Filed under: SQLServerPedia Syndication,Technical Articles — Tags: "sql server", acid properties, isolation, sql — Michael J. Swart @ 12:00 pm

ACID Properties By (Counter) Example

So the third ACID property of database transactions is I for Isolation. This is the only ACID property that deals with behaviour of a transaction with respect to other concurrent transactions (all the other properties describe the behaviour of single transactions). Haerder and Reuter describe it as:

Isolation: Events within a transaction must be hidden from other transactions running concurrently.

It’s not super-rigorous, but I think of it like this: No looking at works-in-progress

(Actually, I don’t always believe in that advice, but it helps the cartoon)

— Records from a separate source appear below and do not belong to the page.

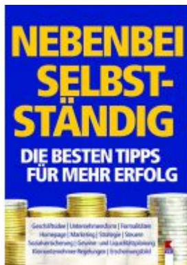
Nebenbei selbstständig. Die besten Tipps für mehr Erfolg Ladenpreis: 19,90 EUR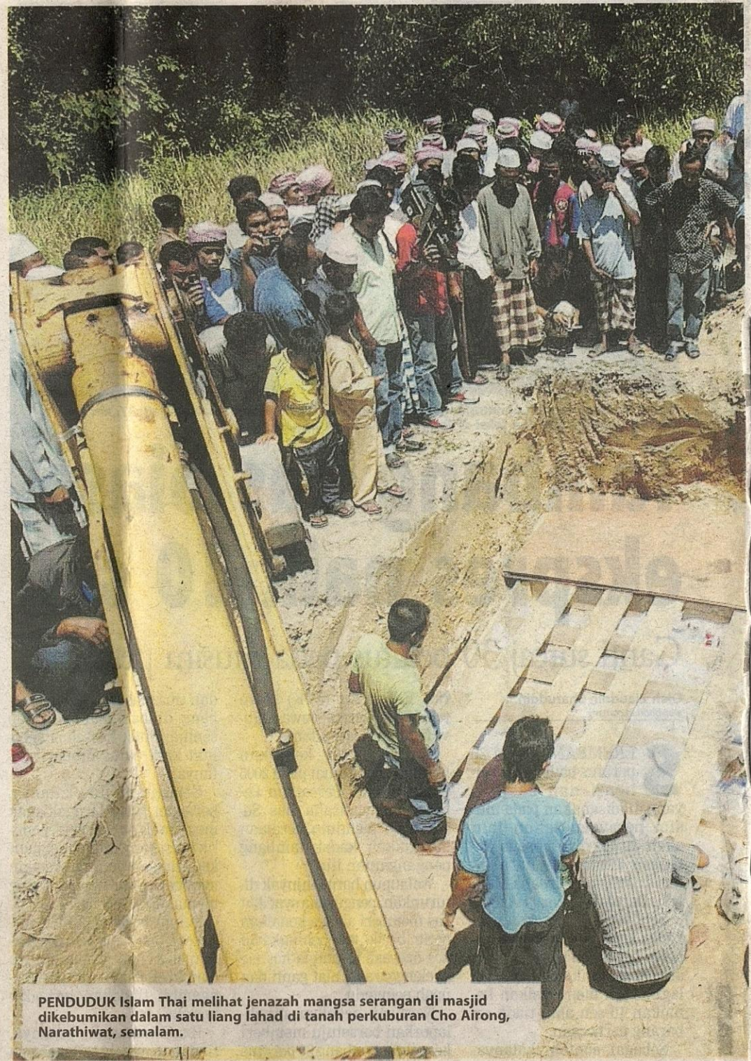
PENDUDUK Islam Thai melihat jenazah mangsa serangan di masjid dikebumikan dalam satu liang lahad di tanah perkuburan Cho Airong, Narathiwat, semalam.

Keganasan dilaporkan meningkat di selatan Thailand sejak beberapa minggu lalu. Sejak Januari 2004 hingga kini, lebih 3,500 orang terbunuh dalam pelbagai siri keganasan di tiga wilayah yang mempunyai majoriti penduduk Islam iaitu Yala, Narathiwat dan Pattani, walaupun lebih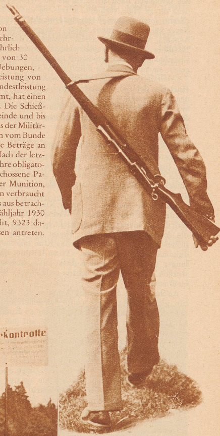
Das «Obligatorische» ist erfüllt, befriedigt zieht er nach Hause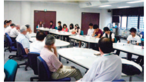
学生との意見交換会 (H23.6.9)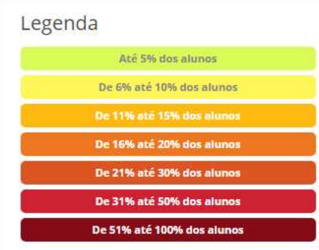
Gráfico 2 - Dados do Inep sobre distorção idade-série na zona rural em 2018 no Município de São Luiz do Paraitinga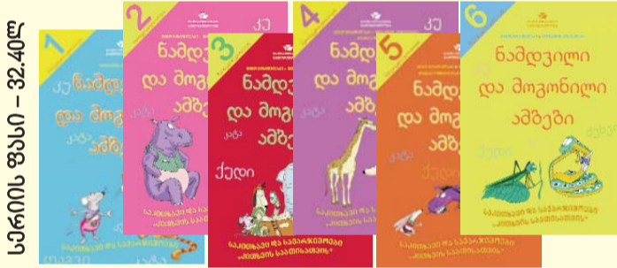
საბავშვო ფასი - 32.40 ლ

საბავშვო ნაწილი I-VI კლასების მონათვლებისათვის, „მონათვის საათის“ საკვირივი გათვალისწინებით.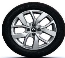
16" aluminijski naplatci Celsius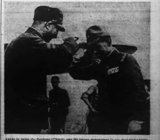
Après la prise de Suchow (Chine) par les forces japonaises le général HATA (à gauche) Commandant en chef des forces japonaises en Chine du Nord, salue le Général SHUNREKU HATA, Commandant en chef des forces japonaises en Chine Centrale. Les deux généraux semblent fort satisfaits de leur victoire.

Berlin aurait menacé Hankéou Une machine infernale a été découverte dans la concession française de Tien Tsin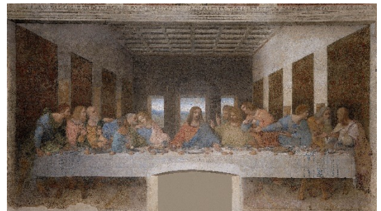
L'ultima cena, Leonardo da Vinci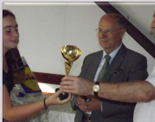
Rozdanie nagród w turnieju tenisa stołowego i szachach w Kamionaczu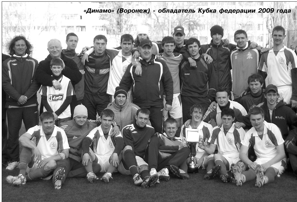
«Динамо» (Воронеж) - обладатель Кубка федерации 2009 года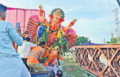
అనుముల మండలం అలినగర్ వద్ద సాగర్ ఎడమ కాల్వలో విగ్రహాలను నిమజ్జనం చేస్తున్న సిబ్బంది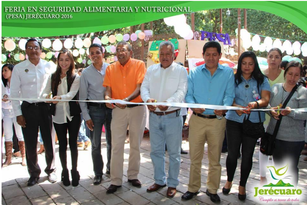
INAUGURACIÓN DE LA MUESTRA GASTRONÓMICA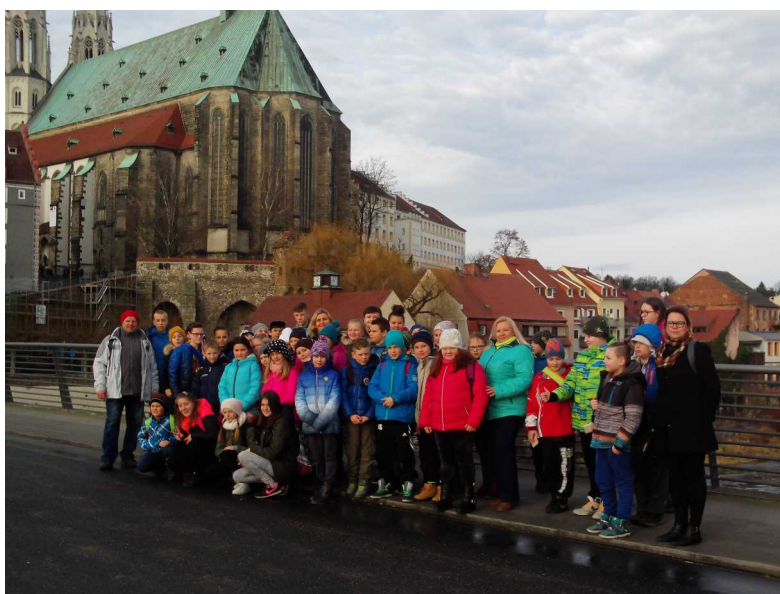
Tury ci z Mysłakowic w Dreźnie.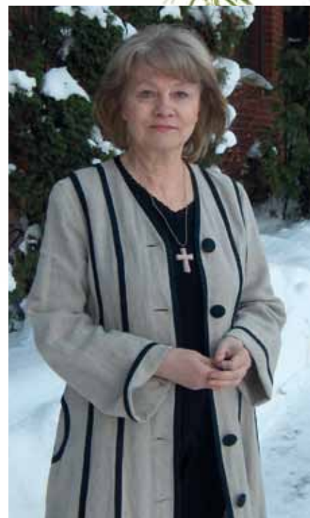
Toivotan jokaiselle lukijalle siunattua ja rauhallista joulun aikaa

On taas aika ajatella ja muistaa kiihtöllisyydellä, miten onnellisia olemme saadessamme vapaasti viettää joulua, Jeesuksen syntymäjuhlaa, vapaassa maassa.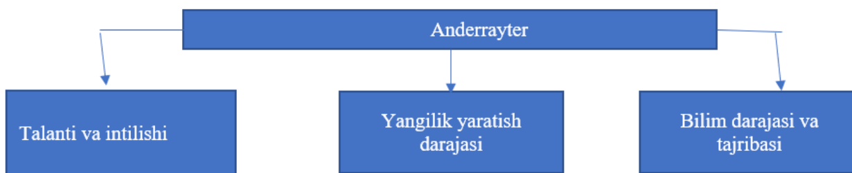
3-rasm. Sug'urta anderrayterlari uchun sifat ko'rsatkichlari 3

O'zbekiston sug'urta bozorining peshqadam professional ishtirokchilaridan biri — "O'zbekinvest" kompaniyasida anderrayterlarning bilimi va savodxonligini oshirish, shuningdek, kompaniya va sug'urta bozorida yangiliklar bilan ularni tanishtirib borish maqsadida 2020-yildan boshlab "Sug'urta maktabi" tashkil etilgan. Mazkur maktab orqali sohaga zarur bo'lgan anderrayterlar tayyorlanmoqda va ularning malaka oshirish tizimi yo'lga qo'yilgan (3-rasm).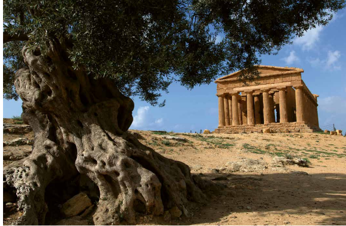
Tempel in Agrigento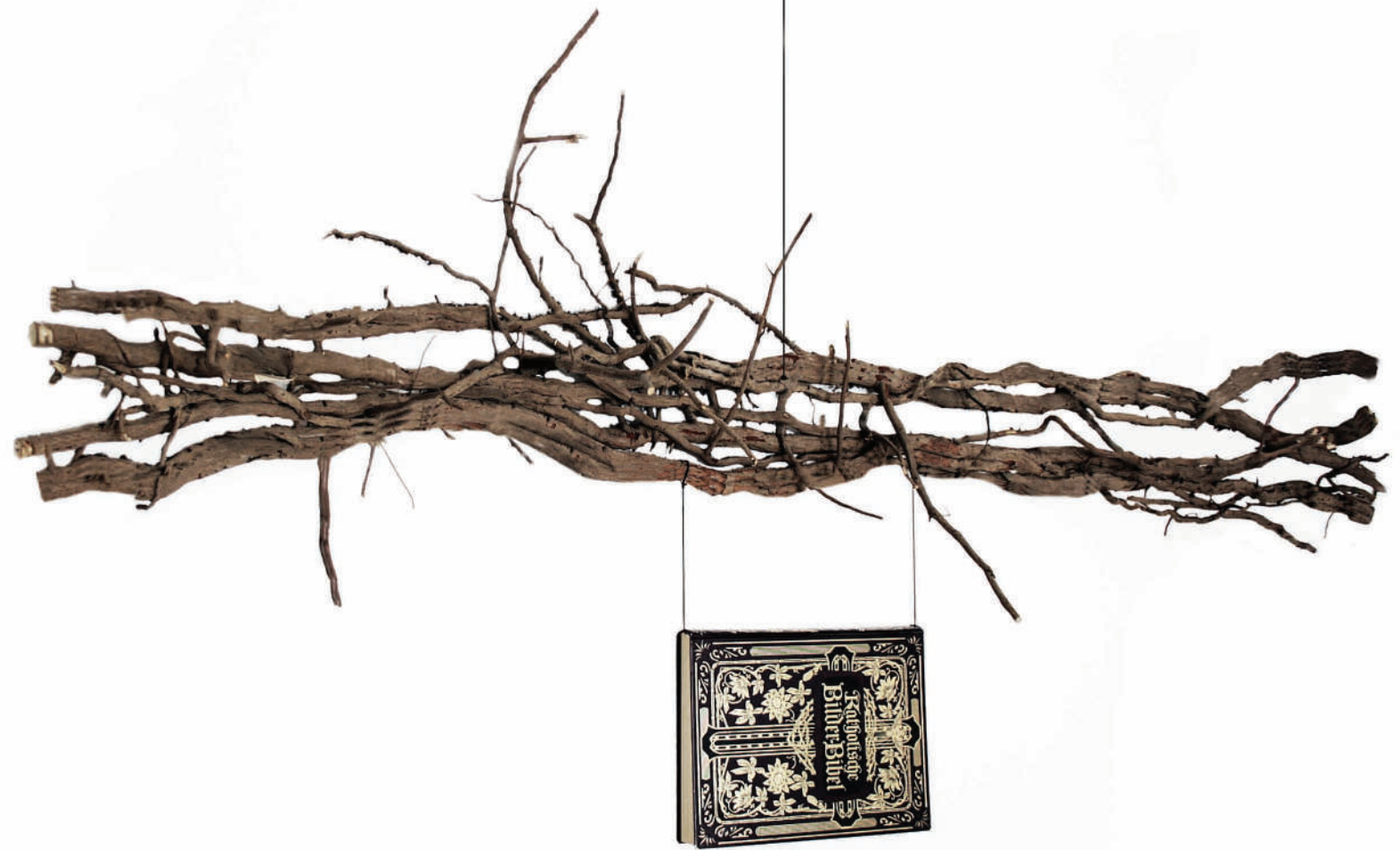
Metamorphose I, Installation, 2019, 206 x 109 x 63 cm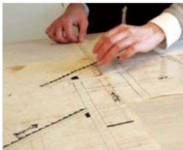
古文書を貼り合わせる

写真の古文書は6枚の紙を 貼り合わせた大判の図面 です。この6枚を貼り直すこ とから始めます。まず、図面 上の線・文字の切れ目から元 の重なり方を確認し、でんぷ 糊で丁寧にゆきま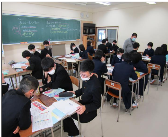
『みんなの未来探究コース』ゼミ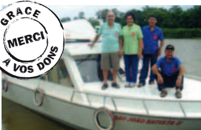
Longue vie au Saint Jean-Baptiste II !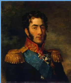
Багратион П.И. командующий 2-ой армии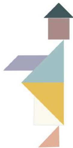
Bonhomme qui tend la main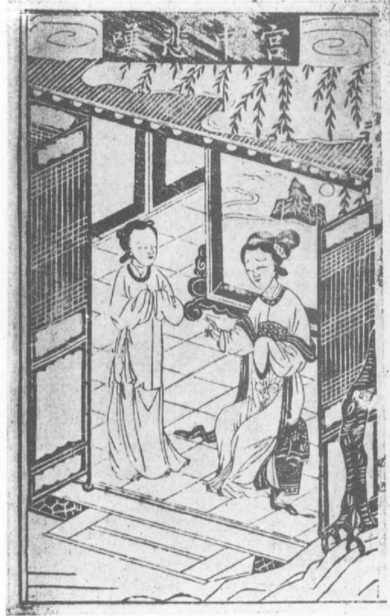
明金陵唐氏世德堂刻本楮氏孤兒記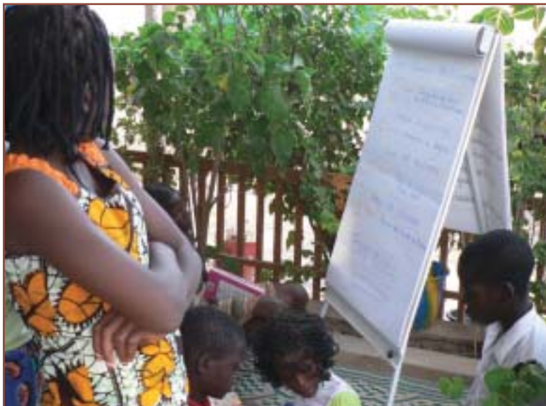
Sur la terrasse de la biblio, panneau d'infos.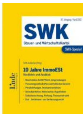
SWK-Spezial 10 Jahre ImmoEST Ladenpreis: 39,00EUR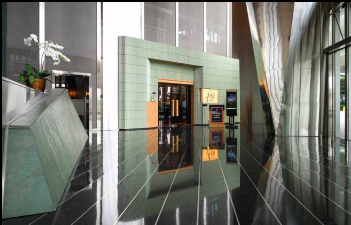
Entrance Mr. Fox dengan garis-garis vertikal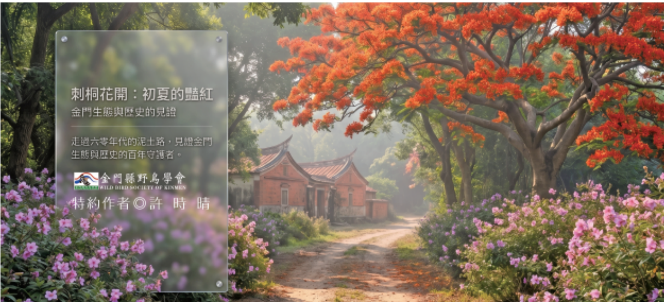
刺桐花開：初夏的豔紅 金門生態與歷史的見證 走過六零年代的泥土路，見證金門生態與歷史的百年守護者。 金門縣野鳥學會 特約作者◎許時晴

在金門有一棵赫赫有名的刺桐，您可認識或是見過？金門本地人知道者應該不在少數，這棵刺桐樹住在金門國家公園管理處中山林行政中心前，就在大門入口處，相信每年5、6月來金門而到訪中山林的遊客們都會被它的滿樹繁花驚艷。根據金管 園藝維管日照：全日照 刺桐學名：Erythrina variegata 英名：Indian coral tree、tiger's claw 別名：雞公樹、梯枯、英雄樹、大冇樹 分類：豆科、蝶形花亞科、刺桐屬、落葉性大喬木 原產地：金門、台灣、熱帶亞洲、太平洋洋洲諸島的珊瑚礁海岸 花期：3、5月 花色：橙紅色、紅色 果期：8月 果色：莢果，幼果暗褐色；成熟時轉為黑色 樹高：10、15公尺；或可達20公尺 刺桐的樹皮為淡灰色，具明顯縱溝裂。葉片青綠色、厚紙質，為互生的三出複葉，新葉表面有黃褐色茸毛。花期3、5月，盛花期在5月；頂生總狀花序或總狀花序，自枝條頂端直立伸出，長15~20公分；橙紅色蝶形花瓣，鐘形或佛焰苞狀花萼。全樹多具瘤狀銳刺，樹幹、枝條（老枝無刺）、葉背中軸均有刺，葉片形似梧桐葉，因而得名刺桐；樹姿高大挺拔，因此獲得一個別名英雄樹。它的屬名「Erythrina」是源自希臘文的字根「erythro」紅色，指的是刺桐橙紅的花朵。英文名稱「Coral Tree」，是指枝幹上的刺好像老鷹爪。 在金門、台灣的刺桐屬植物，只有刺桐是原生樹種，其餘諸如珊瑚刺桐、雞冠刺桐、火炬刺桐、黃脈刺桐都是引進的園藝栽培種。其生性強健，樹齡壽命長，木材具有極厚的髓部，材質色白、輕軟有彈性，可用於製作木屐、玩具、椿臼等用具。樹皮中藥材，其花、葉、樹皮、根皮、葉皆可入藥，但是這些都含有微量生物鹼，亦即刺桐全株有毒，切不可擅自隨意使用。 2009年，台灣的刺桐屬植物受到「袖小蜂」侵害，從北到南蔓延迅速，稍晚2009年袖小蜂侵襲了金門的刺桐樹，有些地方的狀況頗為嚴重；症狀是葉片、枝條產生腫瘤狀蟲癭，使得植株衰弱甚至死亡，造成嚴重危害，感染的小苗須銷毀，感染的落葉必須集中焚毀，以防止擴散，同時加強施肥與澆水增加刺桐樹的抵抗力；經過農業部林業及自然保育署等相關單位推動防治，時至今日已獲得改善與控制。 刺桐是落葉性大喬木，具傘形樹冠，枝葉寬闊，樹蔭廣大，適合作庭園遮蔭樹與行道樹。春末夏初開花，花開時花顏鮮豔、熱情洋溢，充滿熱帶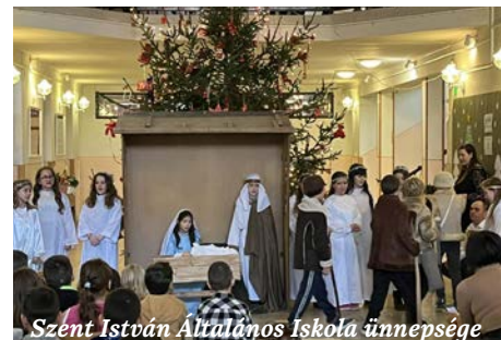
Szent István Általános Iskola ünnepe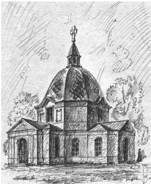
Борисоглебский храм, в котором крестили И.С. Тургенева (иллюстрация из книги «Архитектурные древности Орловщины (ушедшее)»).

Интервью подготовила Татьяна ПАВЛОВА. Фото Вячеслава МИТРОХИНА.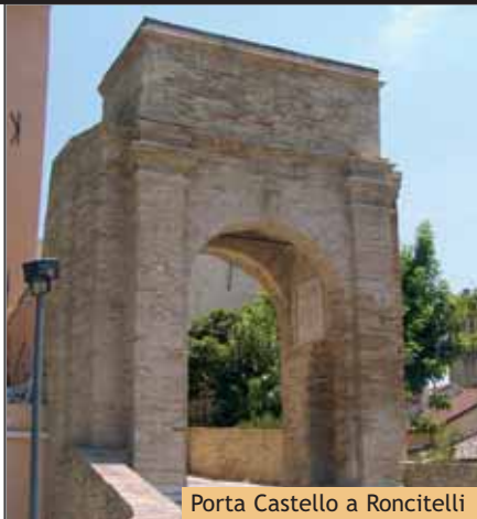
Porta Castello a Roncitelli

Principali interventi: ■ Restauro Monumentale della Porta Civica ■ Realizzazione della nuova pavimentazione ■ Ripavimentazione della piazza principale del castello ■ Illuminazione Importo lavori: € 232.799

So there are different kinds of database isolation. Even with the the guideline: no looking at other transactions in progress. And now these levels of isolation are well defined. I wrote a series on those earlier, the different levels are READ UNCOMMITTED, READ COMMITTED, REPEATABLE READ and SERIALIZABLE. By the way READ UNCOMMITTED is the only isolation level here that is not really isolated, more on that later.

Isolation in SQL Server

SQL Server supports all of these isolation levels. It enforces this isolation using various locks on data (fascinating stuff actually), processes will wait to maintain isolation. In contrast, Oracle supports only SERIALIZABLE and a kind of READ COMMITTED that is closer in behaviour to SQL Server’s SNAPSHOT isolation. No matter how it’s implemented, READ COMMITTED is the default isolation level in both SQL Server and Oracle.

Unisolated Transactions:

So it is possible for other transactions to see the effects of a transaction in-flight (i.e. as it’s happening, before it’s committed). This is done with NOLOCK hints or with the READ UNCOMMITTED isolation level. In fact, I learned recently that when using NOLOCK hints, you not only can see the effects of an in-flight transaction, but you can see the effects of an in-flight statement. This is an Isolation failure and it boils down to this: SQL Server transactions are atomic, but when using NOLOCK, it might not seem that way. So take care.

Example

Today’s example and counterexample both come from the newspapers headlines of Chicago.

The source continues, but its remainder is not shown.